## The Outer Automorphism

Posted in Math by pgadey on 2010/05/09

We construct an outer automorphism of $S_6$.

First we prove a crucial lemma: the only proper normal subgroups of $S_5$ is $A_5$. Since $[A_5 : S_5 ] = 2$ we have that $A_5$ is normal in $S_5$. Suppose that $H$ is normal in $S_5$. Then $A_5 \cap H$ is normal in $S_5$. Since $A_5$ is simple, either $A_5 \cap H = \{e\}$ or $=A_5$. If $A_5 \cap H = A_5$ then $60 \leq |H|$. But the largest divisor of $|S_5|$ is sixty and by Lagrange’s theorem, $|H| = 60$. Thus $H = A_5$, a contradiction. Thus $H \cap A_5 = \{e\}$. Then $|HA_5| = |H||A_5| / |H \cap A_5| = |H|60 \leq 120$. It follows that $|H| = 2$ and $H$ is a transposition. But all the the transpositions of $S_5$ are conjugate and thus $H$ is not normal. It follows that the only normal subgroup of $S_5$ is $A_5$. This claim holds, mutatis mutandis, for all $5 \leq n$.

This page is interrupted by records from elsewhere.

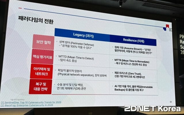 손 교수는 "완벽한 방어는 불가능함을 인정하고 침해를 가정한 '신속한 복구 및 오프라인 백업'에 예산을 우선 배정해야 한다"며 "망분리 완화 및 클라우드 환경에서 네트워크 경계는 소멸됐다. 실시간 리스크 기반의 신원을 새로운 방화벽으로 설정해야 한다"고 강조했다.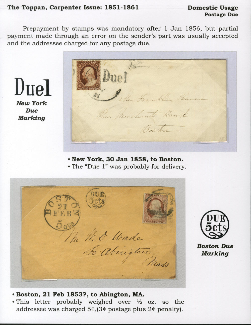 A fine and instructive pair of early postage due covers mounted on exhibit page, illustrating two different circumstances under which additional fees were assessed and collected from recipients under the evolving U.S. postal regulations of the 1850s.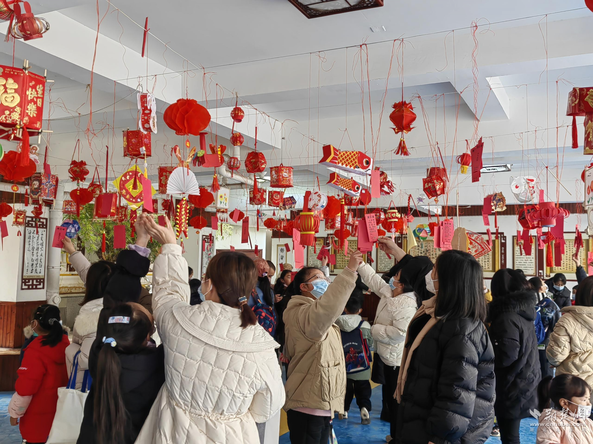 师生一起猜灯谜。学校供图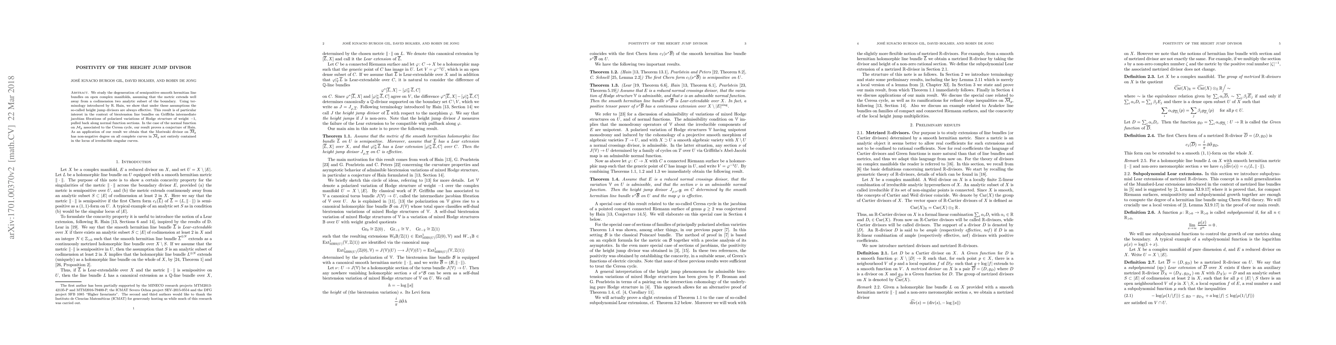 We study the degeneration of semipositive smooth hermitian line bundles on open complex manifolds, assuming that the metric extends well away from a codimension two analytic subset of the boundary. Using terminology introduced by R. Hain, we show that under these assumptions the so-called height jump divisors are always effective. This result is of particular interest in the context of biextension line bundles on Griffiths intermediate jacobian fibrations of polarized variations of Hodge structure of weight -1, pulled back along normal function sections. In the case of the normal function on M_g associated to the Ceresa cycle, our result proves a conjecture of Hain. As an application of our result we obtain that the Moriwaki divisor on \bar M_g has non-negative degree on all complete curves in \bar M_g not entirely contained in the locus of irreducible singular curves.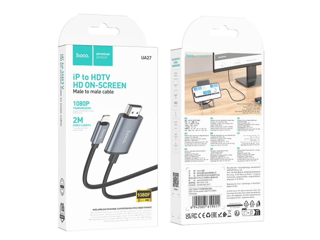 Adaptér pro iPhone a iPad Hoco UA27 je velmi užitečným, ale jednoduchým příslušenstvím. Dokáže totiž poslat obraz z iOS zařízení do vaší televize, monitoru nebo projektoru. Podporuje Full HD rozlišení a hliníkové provedení s nylonovým opletením zajistí dlouhou životnost.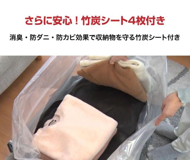 ●サイズ・重さ/収納ボックス:約幅75×奥行40×高さ30cm・約650g、圧縮袋:約幅110×奥行44×高さ100cm(厚さ0.08mm)・約230g、竹炭シート:約70×50cm・約10g、吸引機:直径約5.8×8cm・約150g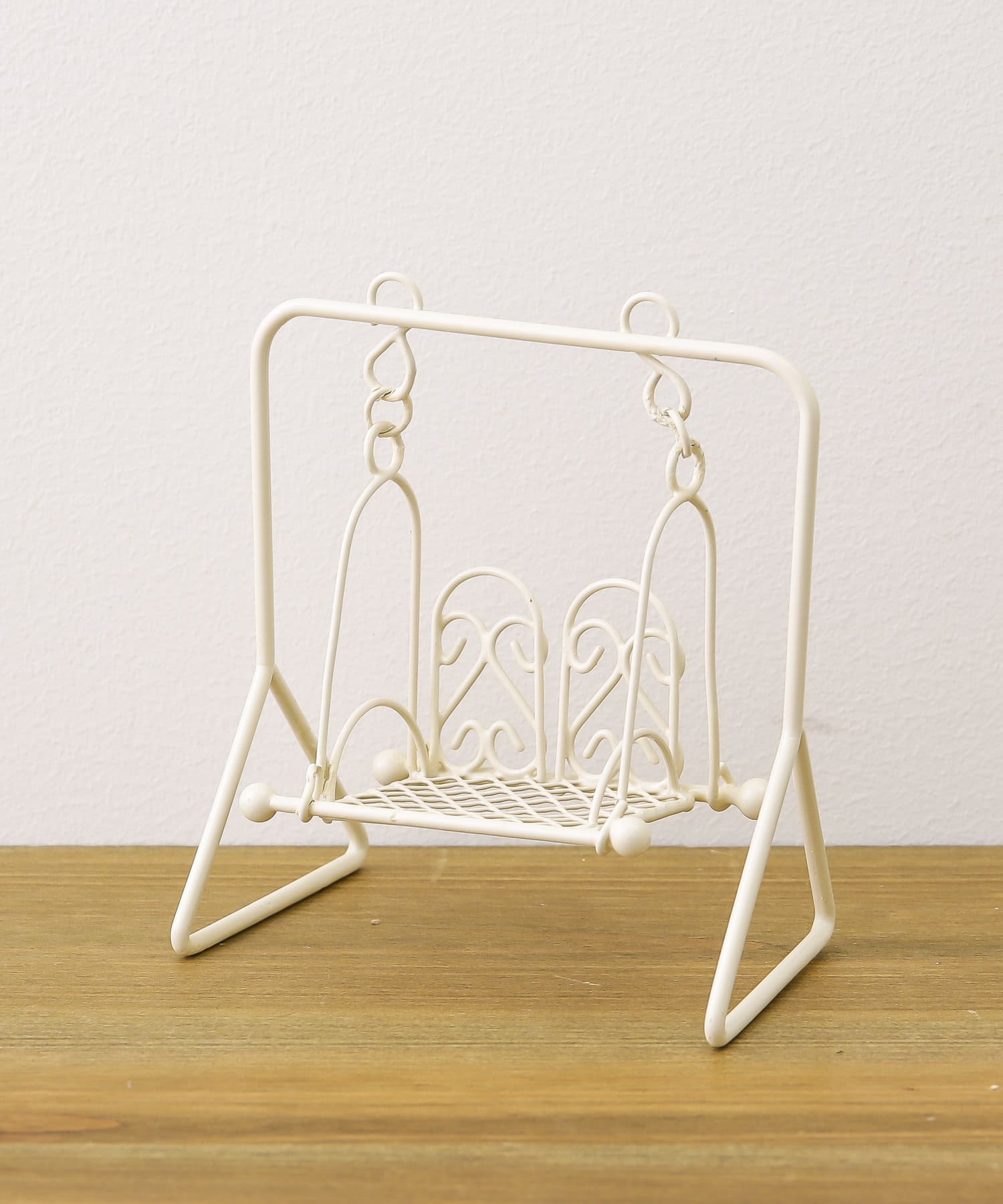 お庭に置いているようなホワイトワイヤーデザインのブランコのオブジェ。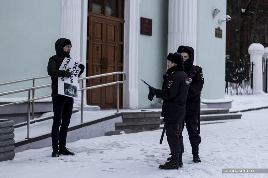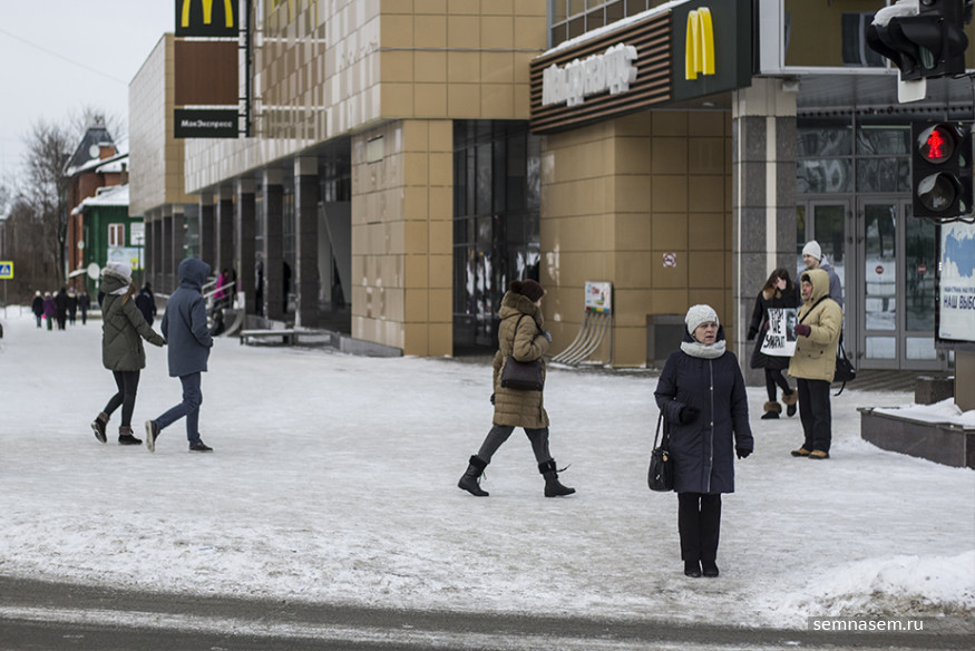 В Петрозаводске холодный ветер. Но люди с плакатами стоят вдоль всего проспекта Ленина. Их немного — 11 человек.
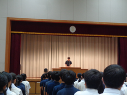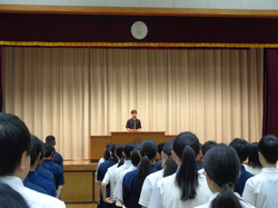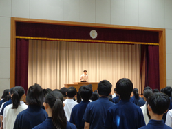 生徒会朝礼 今週は、生徒会朝礼からスタートしました。 最初に、各学年の学級委員から「学習の継続的な努力の必要性」や「普段の学校生活における課題」などのお話がありました。続いて、10月の学習発表会のスローガンが発表され、「三原色~創ろう!努力の華~」に決まりました。学習発表会の実行委員長からは、「それぞれの色を出し、実りのある学習発表会になってほしいという願いが込められている」とお話がありました。最後に、美化コンクールの表彰と水泳の表彰、先週から活動している教育実習生の紹介がありました。 今週末には定期考査2がありますが、その後も様々な行事が予定されています。一人ひとりが計画性を持って、日々の生活に取り組みましょう。 (9/22 9:47 更新) |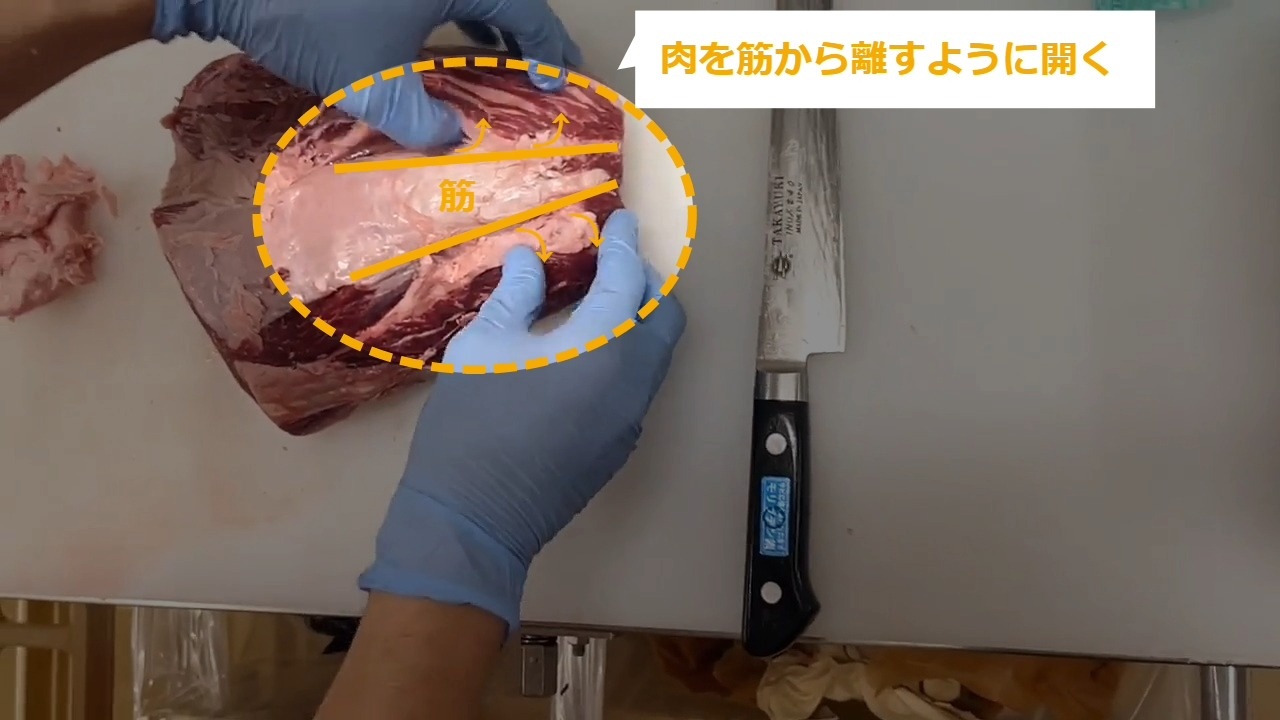 STEP7:筋を取り除く(3/5) 肉を筋から離すように開く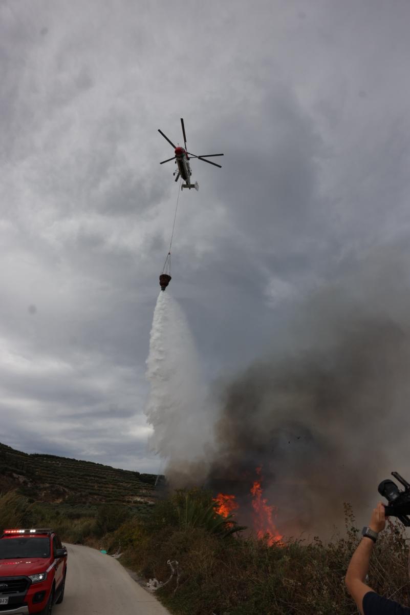 Η επιχείρηση συνεχίζεται με στόχο να περιοριστεί η εξάπλωση της φωτιάς και να τεθεί υπό έλεγχο πριν πάρει μεγαλύτερες διαστάσεις.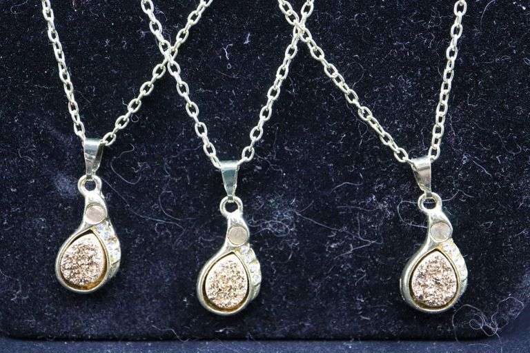 LOT 1039 - Gold Druzy Pendants and Necklaces, Stainless Steel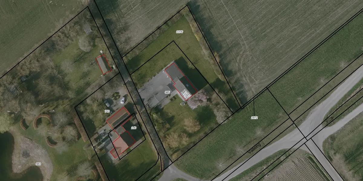 Valweg 4 is gelegen op kadastraal perceel TNZ00T985. Deze kadastrale aanduiding is uniek en wordt gebruikt door het Kadaster om eigendomsrechten en andere zakelijke rechten vast te leggen. Het perceel maakt onderdeel uit van de kadastrale gemeente Terneuzen.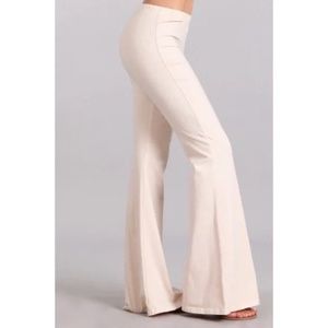 Featuring nude mineral washed bell bottom flare pants with an elastic waist. Each item is hand-dyed for its unique character and American vintage laundered look. You can expect some variation in color and finishing.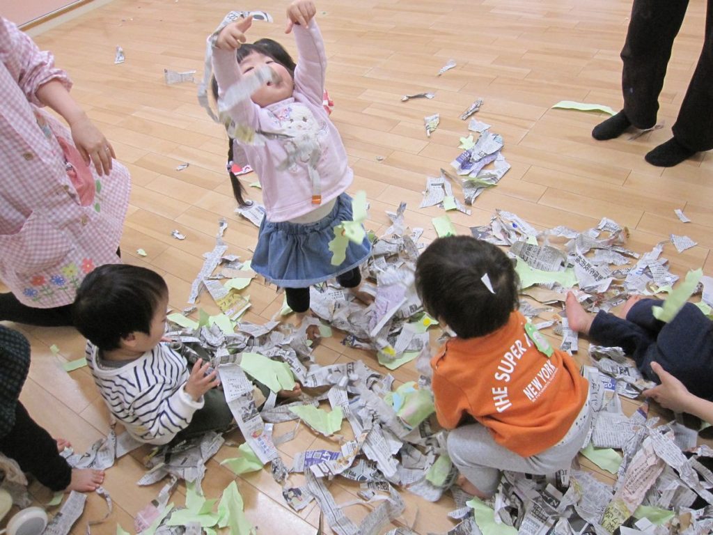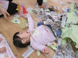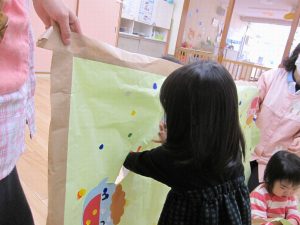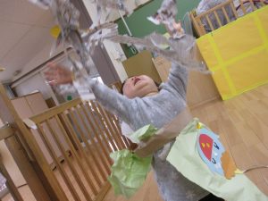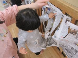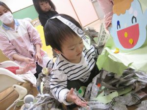 新聞紙と節分で行った豆まき(シール貼り)の台紙を使って遊びましたよ。

Consider the set of 5-Sylow subgroups of $S_5$. Let $n_5$ denote the number of $5$ subgroups of $S_5$. Then $n_5 = 1, 6, 11, 16, 21$. We have that $n_5 \neq 1$ since the only proper normal subgroup of $S_5$ is $A_5$. We have that $n_5 \neq 11, 16, 21$ by testing divisibility. Thus $n_5 = 6$. We write the Sylow 5-subgroups of $S_5$:
$\begin{array}{ccccccc}& A & B & C & D & E & F\\Syl_5(S_5) = & \left\{ \langle (12345) \rangle, \right. & \langle (12435) \rangle, & \langle (12543) \rangle, & \langle (12354) \rangle, & \langle (12534) \rangle, \ & \left. \langle (12453) \rangle \right\}\end{array}$

We then let $S_5$ act on $Sly_5(S_5)$ by conjugation. This defines a homomorphism $\phi : S_5 \rightarrow S_6$. Consider $\ker \phi$, it must be a normal subgroup of $S_5$. Thus $\ker \phi$ is either a non-proper subgroup of $S_5$ or it is equal to $A_5$. We consider $\phi((123))$. Calculation shows that $(123)(12345)(123) = (23145) \in B$ since $(23145)^3 = (12435)$. Thus $\phi((123))[A] = B$ and thus $\ker \phi \neq A_5, S_5$. It follows that $\ker \phi = \{e\}$. Let $R = im\ \phi \leq S_6$. We claim that: $R$ is acts transitively and contains no transpositions. Since all the Sylow subgroups are conjugate, it follows that $R$ is transitive. Since five divides $|S_5|$ we have that it divides $|R|$, it must contain a five cycle, without loss of generality we may take the 5-cycle to be $(1\ 2\ 3\ 4\ 5)$. Suppose that $R$ contains a transposition $(i\ j)$. Then by transitivity there is an $r \in R$ such that $r[j] = 6$ and we have that $r(i\ j)r^{-1} = (r(i)\ 6)$ for $r(i) \neq 6$. But then $\{(1\ 2\ 3\ 4\ 5), (r(i)\ 6)\}$ generates $S_6$, which is strictly larger that $R$. Thus $R$ contains no transposition.

We then let $S_6 : R$ by left multiplication. Note that $|S_6 / R| = |S_6| / |S_5| = 6$. This induces a homomorphism $\Phi : S_6 \rightarrow S_6$. We have that $\ker \Phi \leq R$. But $\ker \Phi$ is a normal subgroup of $S_6$ and thus $\ker \Phi = \{e\}, A_6, S_6$. By considering magnitudes it follows that $\ker \Phi = \{e\}$. Thus $\Phi$ is an automorphism. We claim that $\Phi$ is outer. If $\Phi$ were inner then it would preserve cycle structure and $\Phi((1\ 2))$ would be a transposition, but then $\Phi((1\ 2))$ would fix at least one point. Suppose $sR = (1\ 2)sR$. Then $R = s^{-1}(1\ 2)sR$. It follows that $s^{-1}(1\ 2)s \in R$, contradicting the fact that $R$ contains no transpositions. Thus $\Phi$ is a non-outer automorphism of $S_5$.